Тысячи людей собрались на квадратной площади перед царским дворцом. Их горе было безмерным. В это время министр вошел во дворец и помог подняться царю, который, потеряв сознание, лежал на полу. Он попытался усадить его и передал ему известие о том, что пришли Сита, Рама и Лакшмана и что они желают его видеть. Рама успел уже подойти к отцу и обратился к нему со словами утешения и любви. Когда Дашаратха увидел Ситу и Лакшману, его горю не было предела. Он крепко обнял Раму и упал на пол. Волнение перехватило ему горло; он прижал руки к груди и пытался унять агонию. У Ситы и Лакшманы не было сил смотреть на страдающего царя.
Лакшмана увидел Кайкейи, стоящую тут же с видом победительницы; его глаза от ярости налились кровью, взгляд, стал острым, как кинжал; он готов был убить ее на месте. Но он сдержал свой гнев, охладил свои чувства, когда увидел безоблачно спокойное лицо Рамы. Кайкейи тем временем сказала: “Рама! Ты ввергаешь своего отца в глубокую печаль. Чем скорее ты удалишься и достигнешь леса, тем скорее твой отец оправится от волнения. Не медли больше! Склонись перед отцом и уходи!” Эти слова, полностью лишенные элементарной доброты и порядочности, окончательно разбили сердце Дашаратхи. Он вдруг закричал: “Демоница! Злобный дух! Какие жестокие и беспощадные слова ты произнесла!” И он упал без чувств. Как раз в эту минуту Сита, Рама и Лакшмана припали к его ногам. Рама сказал: “Отец! Благослови нас и разреши нам уйти. Сейчас время больше подходит для того, чтобы радоваться, чем тосковать и печалиться. Чрезмерная привязанность может привести к дурным последствиям.” Рама умолял отца быть мужественнее и преодолеть манию, превращающую его любовь в безумие. Рама обнял ноги отца и опустился на колени, лаская и успокаивая его.

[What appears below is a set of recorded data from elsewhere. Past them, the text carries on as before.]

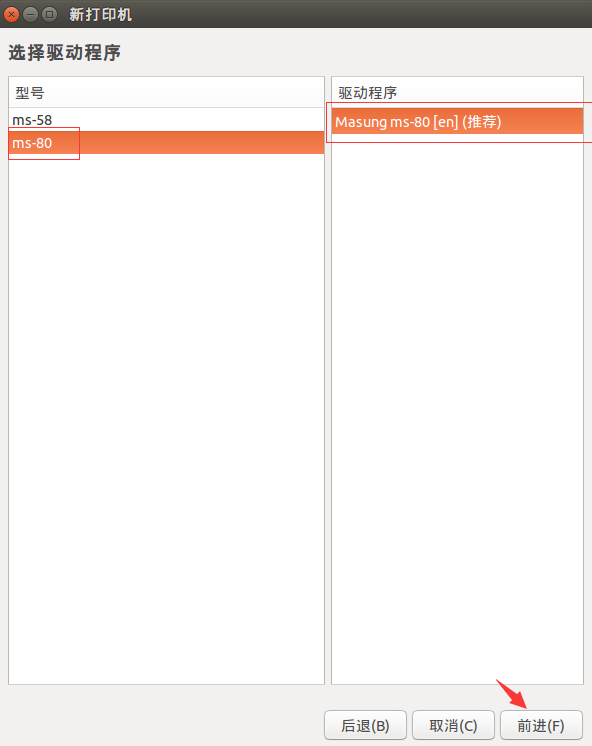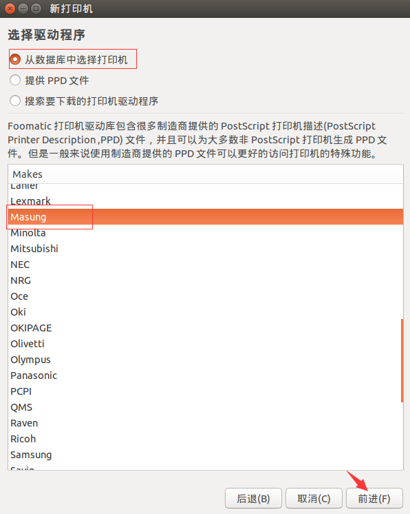 選擇 “從數(shù)據(jù)庫中選擇打印機”,并選擇 “Masung”,然后點擊前進。
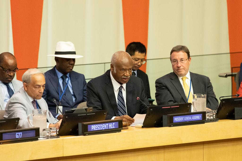 9月12日,在位于紐約的聯(lián)合國(guó)總部,第79屆聯(lián)合國(guó)大會(huì)主席菲勒蒙·揚(yáng)(前排中)在聯(lián)合國(guó)南南合作日高級(jí)別討論會(huì)上致辭。新華社記者 謝鍔 攝
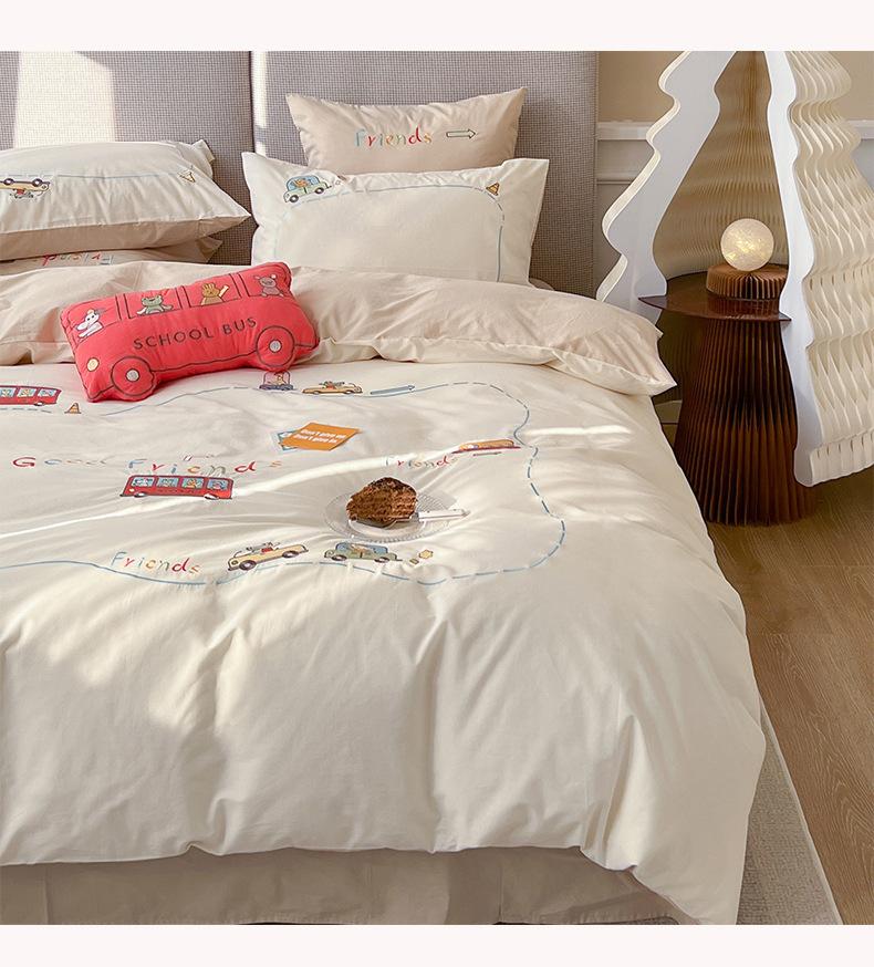 Nueva llegada de juego de cuatro piezas de algodón lavado de los años 50 con dibujos animados frescos
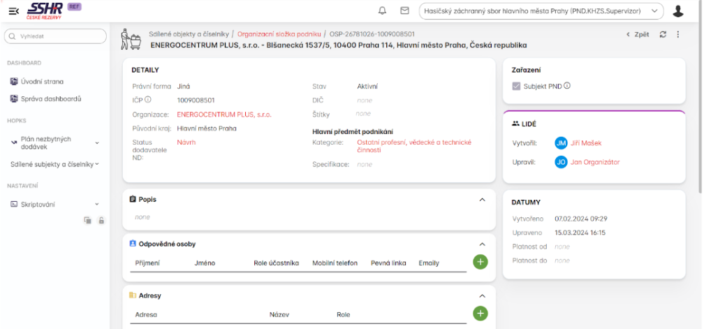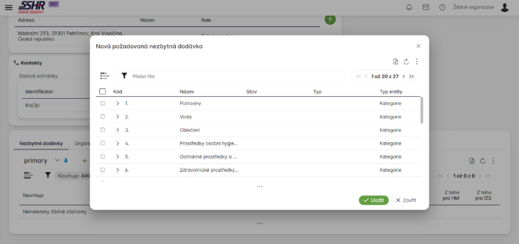 Jakmile je konkrétní organizace (Organizace nebo Organizační složka podniku) navržena jako navrženi dodavatel nezbytné dodávky (organizace je ve stavu "Návrh"), je možné přiřazovat k tomuto navrženému dodavateli konkrétní položky z číselníku nezbytných dodávek.

Дашаратха открыл глаза и посмотрел долгим взглядом на своего любимого сына. Он с трудом приподнялся и, держа руки Рамы в своих, сказал: “О, мой возлюбленный сын! Прислушайся к моим словам. Ты обладаешь проницательностью и умением владеть собой. Ты знаешь, что такое истина. И ты безусловно должен совершать только справедливые поступки. Но разве справедливо то, что происходит сейчас, когда один человек делает неверный шаг, от последствий которого страдает другой? Игра судьбы непредсказуема, и эту загадку не разрешить.” Царь, чистый сердцем и полный любви, стал приводить довод за доводом, чтобы уговорить Раму отказаться от решения уйти в лес.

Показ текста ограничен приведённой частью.